Besides the person that leaves his phone number at a rapid fire “machine gun” pace on my voice mail, there are other annoying deviations.  One is the person that leaves his number and gives you the area code last or doesn’t give the area code at all. It’s up to me to figure it out!  Or the person that has created a new cadence for giving out his phone number, like two numbers at a time, such as 31-05-76-12-34.  This method will drive a sane person crazy in no time at all.

I have always been a big believer that everyone in the chamber office should be instructed how to answer phones and leave messages in the same manner.  If leaving a message, I would advise that the person:

·         state his name,

·         what chamber he is with,

·         then slowly give your return phone number (pretend you are writing it with your finger in mid-air as you record it),

·         your message/question,

·         a good time to return your call,

·         and then repeat your phone number again - slowly,

·         and don’t forget to say thanks.

That’s my opinion, I welcome yours.  Call and leave me a voice mail message at 916-930-1241.

(In this case, the opinions of the writer ARE endorsed by this editor.

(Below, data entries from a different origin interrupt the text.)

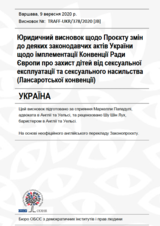 Юридичний висновок щодо Проєкту змін до деяких законодавчих актів України щодо імплементації Конвенції Ради Європи про захист дітей від сексуальної експлуатації та сексуального насильства (Лансаротської конвенції)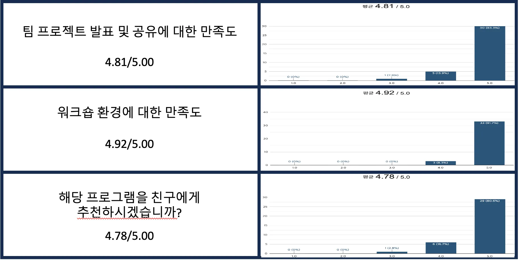 모든 분들께서 적극적이고 열정적으로 임해주셔서 인상깊었습니다. 내용도 실제로 적용할 수 있는 내용이 많아 큰 도움이 되었습니다. 감사합니다.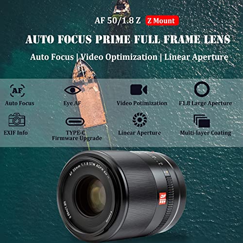 Viltrox - VILTROX 50mm f/1.8 F1.8 STM Auto Focus Prime Full Frame Lens for Nikon Z-Mount Camera Z5 Z50 Z6 Z6 II Z7 Z7 II

Thanks again to guest contributor Steve Snyder, Field Director of the California Chamber of Commerce and former President of the Tempe, Arizona Chamber of Commerce.)

 

CHAMBER ATMOSPHERE DEPT: : How would you like to run your Chamber from the imposing edifice shown above? The La Grange, Texas (home of the storied Chicken Ranch) Chamber of Commerce has this “pleasure.” This was the jail where the Burt Reynolds character kept the drunks and the bad guys. It was the last working community jail in Texas into the 80’s when it closed and sat empty for a number of years before the Chamber renovated it and took it over. They didn’t have to do much to the place. It is as solid as a jail! They added central air and heat, a new coat of interior paint, removed all but one of the cells (for show), put together an exhibit of jail memorabilia, and, of course, added indoor plumbing, including a washroom!

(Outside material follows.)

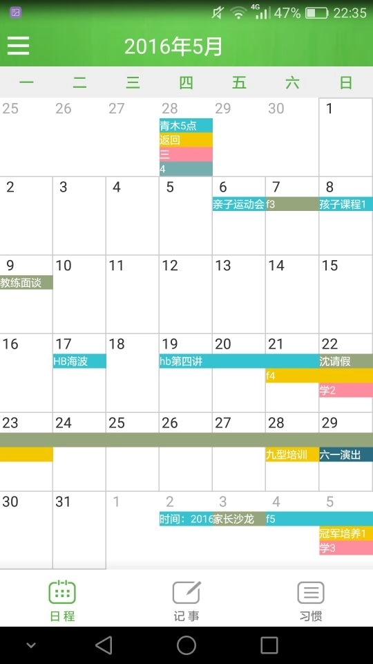 习惯养成,自定义记录日常事物,如运动、日常学习等信息;

Executive Director Margo Johnson and her staff have run into only one problem since moving in: the jail is HAUNTED!

It is not just the bumps and sounds of the night. Desk drawers open and close on their own.

Pictures move from one area to another. Employees feel a tap on the shoulder, and no one is there. Because of this, Exec Margo discourages employees from working at night at the Chamber by themselves. They must be accompanied by someone working on the same floor.

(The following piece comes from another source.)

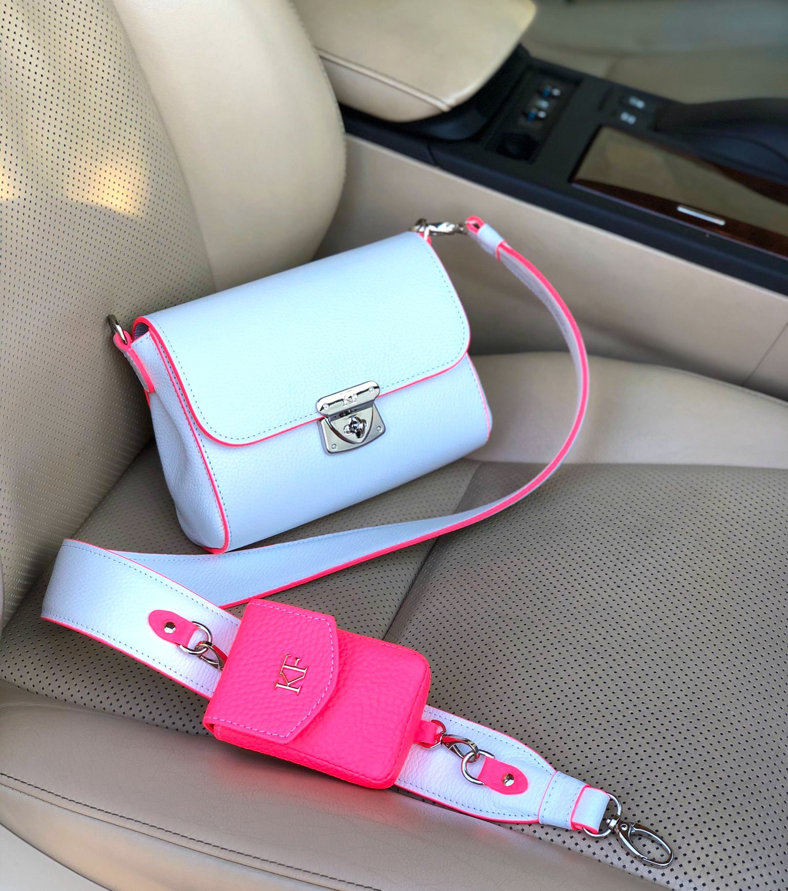 Leather Crossbody Bag, White Leather Shoulder Bag, Women's Leather Cross body Bag, Leather bag KF-3911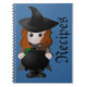 Escreva para baixo todas suas poções favoritas -- er, receitas -- nesta pasta pequena bonito. A palavra "receitas" funciona abaixo de um lado, e o outro é ocupado por uma bruxa preto-folheada com um cheio do caldeirão de ingredientes ghoulish.

When the original guest gets a little too active and disruptive, Margo will hold a family meeting. Just she and the original family members of the jail attend. Margo, in a calm and friendly voice, lets them know they are getting out of hand and requests them to cool it. She repeats that no-one in the present world means them harm, and that they should respect the current use of the jail by the Chamber.

It works….. for a while.

Jimmy and I worked with Margo and her wonderful volunteers on a small membership event in October. La Grange has less than 5000 population, in a rural area of south Texas. A number of family companies from San Antonio and Austin that want to get out of the hustle, bustle, and expense of the bigger cities and raise their kids in quieter and safer atmosphere are moving to La Grange. It was time for the La Grange Chamber to grow also. Not every event can be a 200 to 300 gain, and this one wasn’t. Only 88 new members this time, but the noise and the fun was the same as the bigger ones. The volunteers were terrific, as was the Chamber staff.

But neither Jimmy nor I would stay there to work at night!

MALE VS FEMALE DEPT: The Washington Post postulated that English should have male and female nouns, and readers were asked to assign a gender to nouns of their choice and explain their reasons. These were the best submissions:

SWISS ARMY KNIFE— male, because even though it appears useful for a wide

variety of work, it spends most of its time just opening bottles.

KIDNEYS— female, because they always go to the bathroom in pairs.

PENLIGHT— male, because it can be turned on very easily but isn't very bright.

TIRE— male, because it goes bald and often is over-inflated.

HOT AIR BALLOON— male, because to get it to go anywhere you have to light a fire under it...and, of course, there's the hot air part.

SPONGES— female, because they are soft and squeezable and retain water.

WEB PAGE— female, because it is always getting hit on.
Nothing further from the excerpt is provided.